Self Leadership means some things should increase…

…Exercise

Self Leadership Exercise
Photo: Unsplash/curtis-mac-newton

Even if you consider yourself to be fairly active, you can usually fit in a little more.  And if you have a sedentary desk job, there’s nothing like a good brisk walk before work or on your lunch break to clear the head and get the heart pumping.  To count, a walk should be brisk enough that carrying out a conversation is challenging.  A gentle stroll doesn’t cut it.
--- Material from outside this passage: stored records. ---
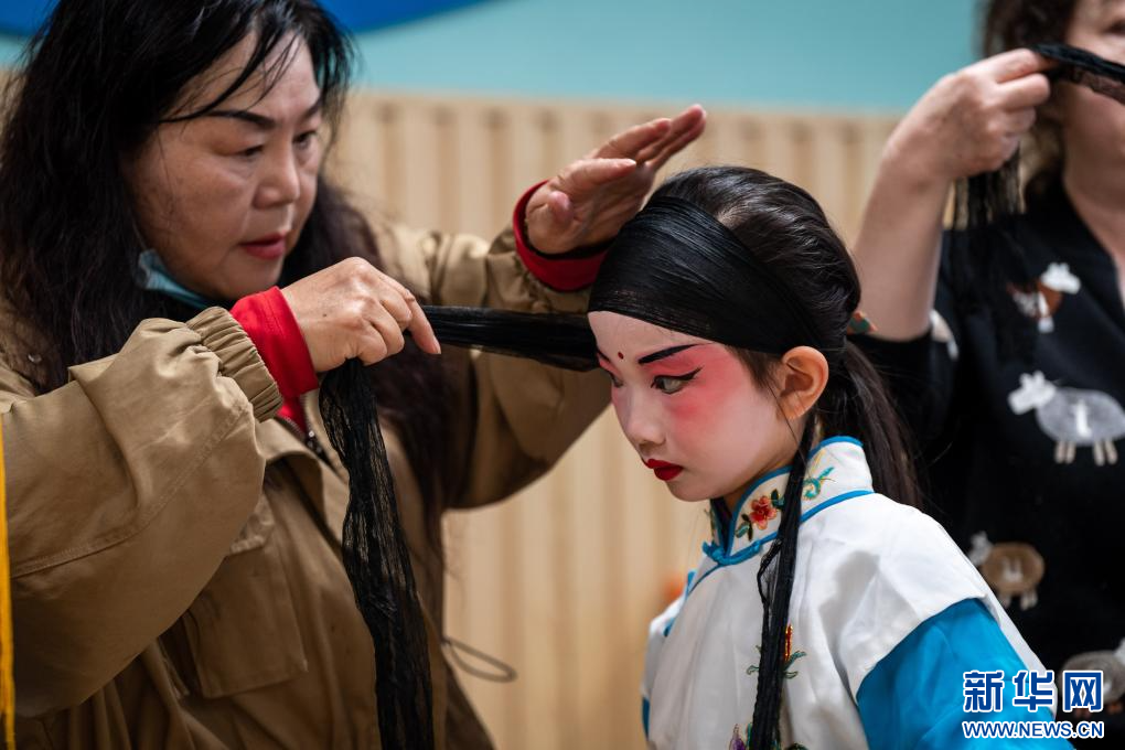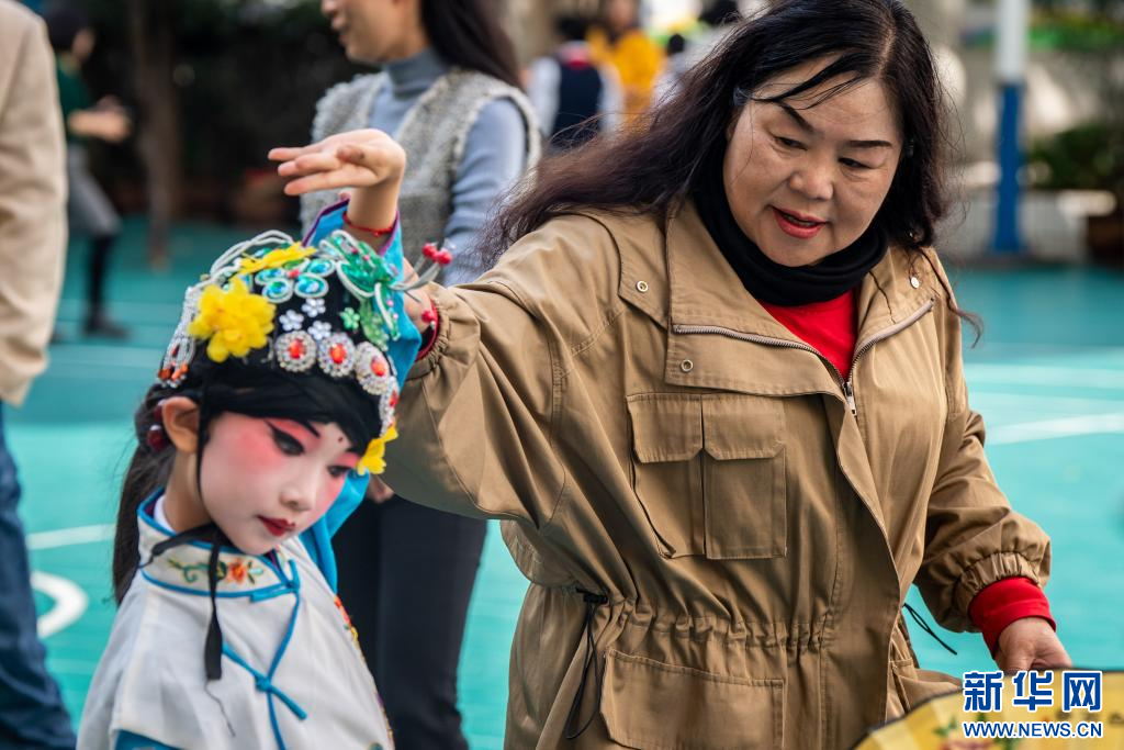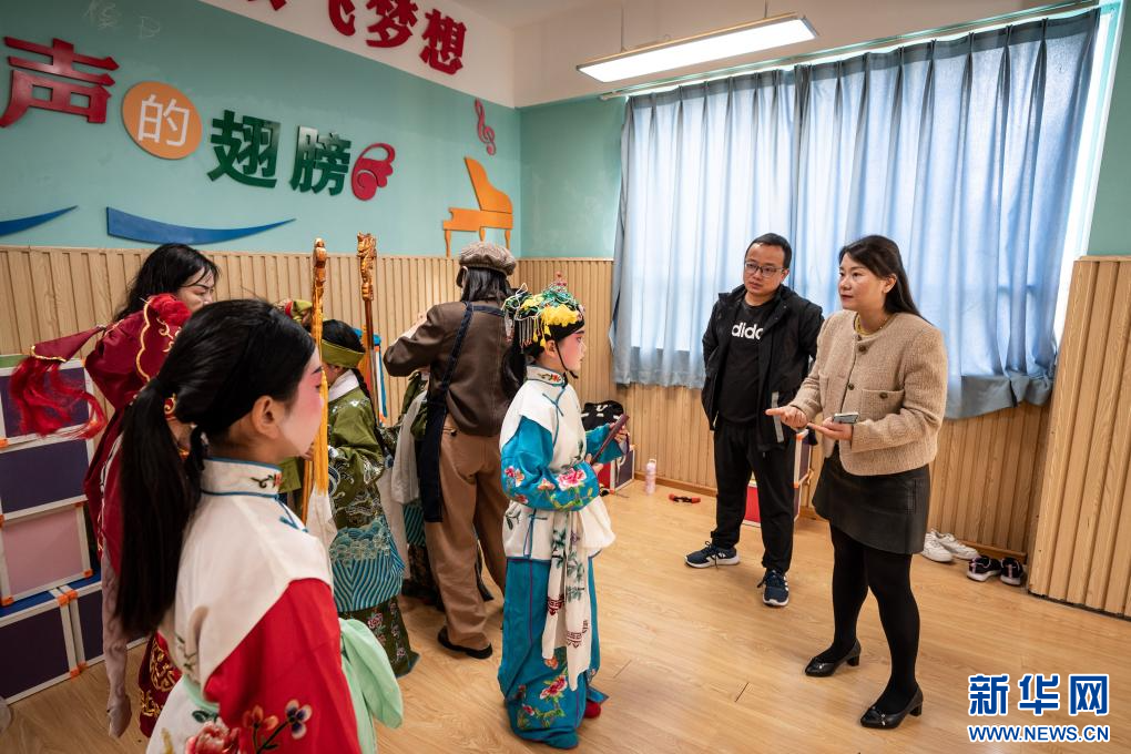 在云南省昆明市五华区文林小学,罗秀华老师在对少儿滇剧传习班的小演员进行指导。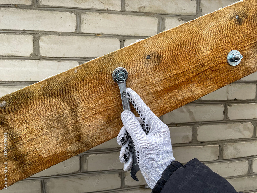 A person's hands firmly hold a wrench, tightening a part on a wooden beam.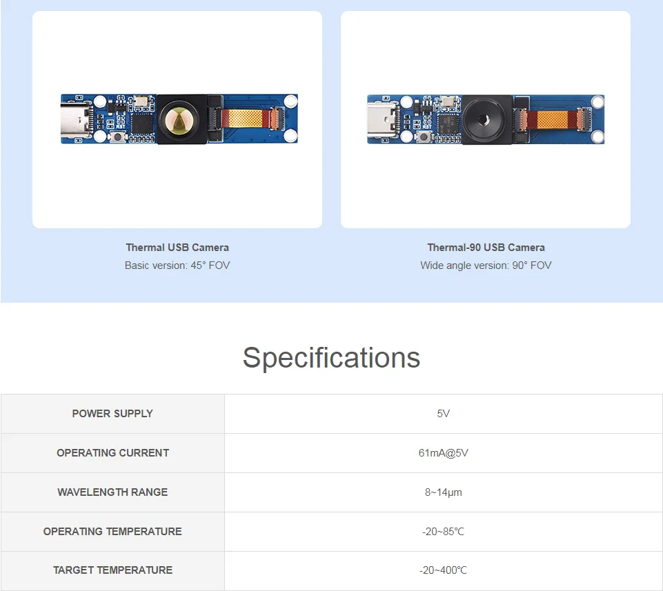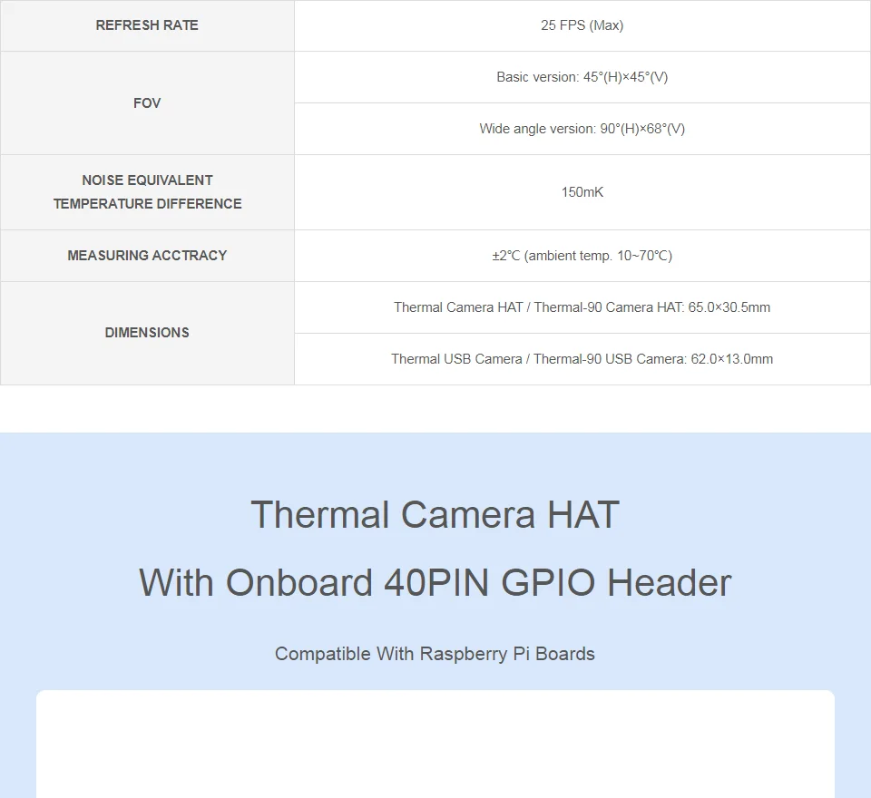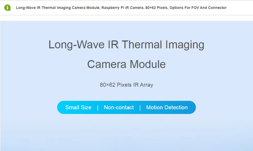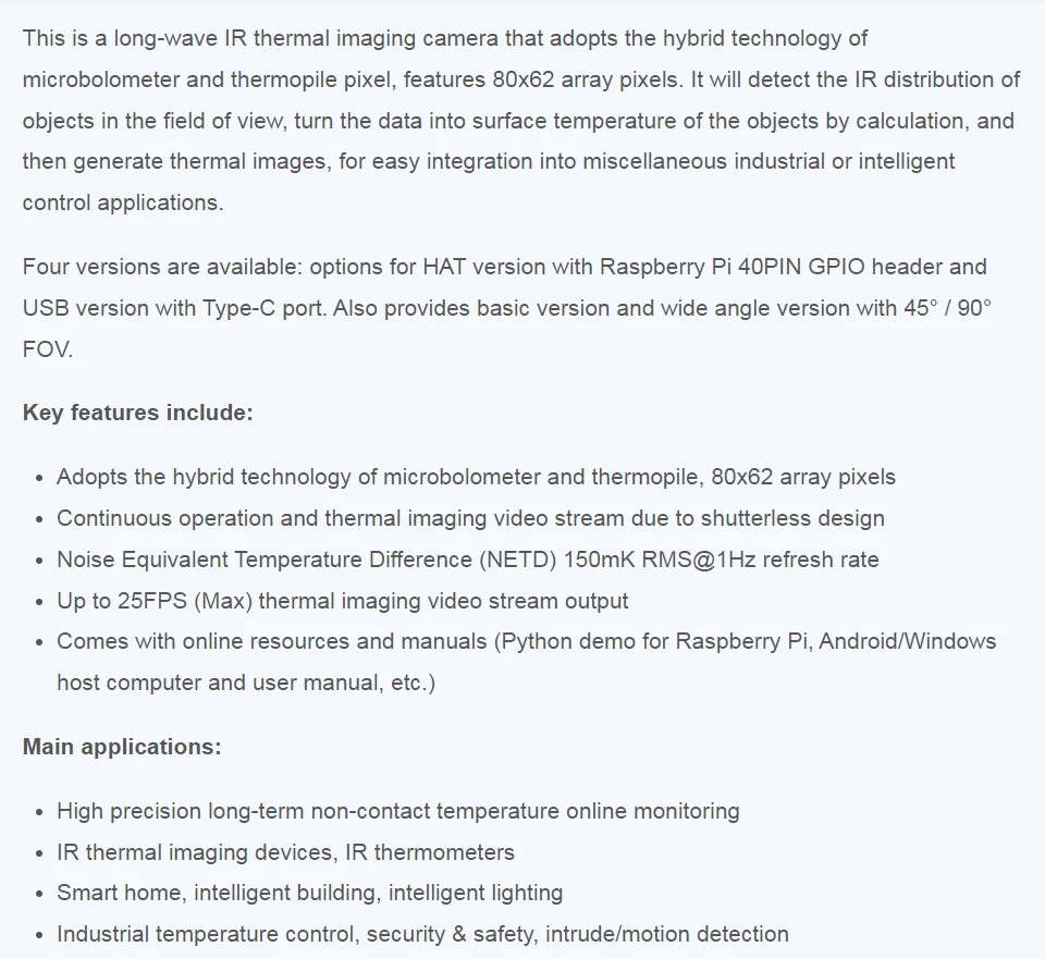 Long-wave IR Thermal Imaging Camera Module, Raspberry Pi IR Camera, 80×62 Pixels, Options for FOV and Connector

In addition, you should include moderate exercise (enough to break a sweat) at least three times a week.  For me, this works best before work, but you need to figure out what works best for you.

…Sleep

Self Leadership Sleep
Photo: Unsplash/alexandru-zdrobau

Burning the candle at both ends is not something to be proud of.  It is not a badge of honour.  If anything it shows that you are not managing your time well, or prioritising effectively.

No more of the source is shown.